Anyway this thing is there and not even Fuggins, long since gone to argue philosophy with his Maker, could magic it away. Worse than that, it’s actually coming towards me – in tiny increments maybe – but the general direction is always down, never up. There are no heroic firemen out there who’re going to rush in and shore it up at the eleventh hour. I’m not going to be able to ga
ther one superhuman burst of power and energy and escape from this particular collapsing building. And I don’t believe in an interventionist God.
It will come down.
I will be trapped inside it.
Nobody will rescue me.
Given that inexorable fact, what am I going to do to distract my attention while this happens? And how will I spend my life – what’s left of it?

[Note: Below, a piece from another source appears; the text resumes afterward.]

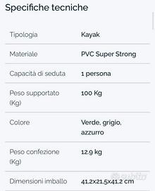 Vendo kayak gonfiabile usato 3 volte.con sacca trasporto ,remi,pompa, gilet salvataggio. Ritiro a Cossato (Biella)
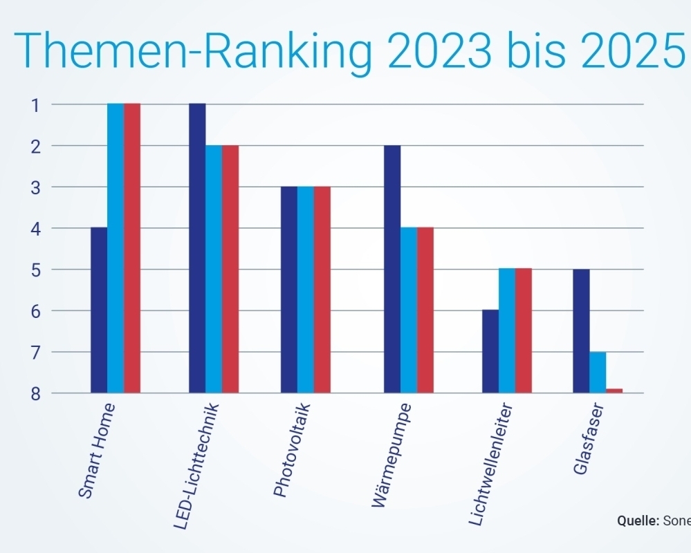 Smart Home, LED-Lichttechnik und Photovoltaik führen das Themen-Ranking des Trendreports 2023 bis 2025 an.

You hear of people who know they have x minutes left before a bomb goes off, or a vehicle bursts into flames, or they drown. People say their whole life flashes before them. But what about when the countdown is longer – weeks or months – or even years? You can’t keep flashing back. I mean, even I’d get bored with that number of replays of my quite unexceptional life up to now.
Okay, I know there are saintly souls facing death who dedicate their lives to doing something altruistic. Carrying out daring stunts. (Nothing to lose really if your days are numbered anyway, says he, cynically.) Raising stacks of money for good causes. Establishing help-lines to encourage other people going through the same tunnel. Is that the sort of thing I want for myself? I don’t know. Not yet. I have no perspective on this thing yet.
But one thing I do see, even at this early stage. I’ll have to measure my life in other terms now. The question is, what terms? What really matters?
A sudden leap of fluff from the floor made Naomi startle. The pale blue-grey hair slid silkily through her fingers as Noelani curled onto her lap.
‘I know. I know. You can’t work it out. He’s gone but he’s here. Me too.’
Slow tears dripped into the forgiving fur as her breath caught unevenly in her throat. It was like listening to Adam’s voice again. His presence seemed to be curling out of the screen, pervading the very air in the room. His fingers were on the mouse, warm over hers.
‘Oh, Noelani. What are we going to do without him?’
The wide eyes of the Persian stared back unblinkingly. The breed had been her choice, the name Adam’s.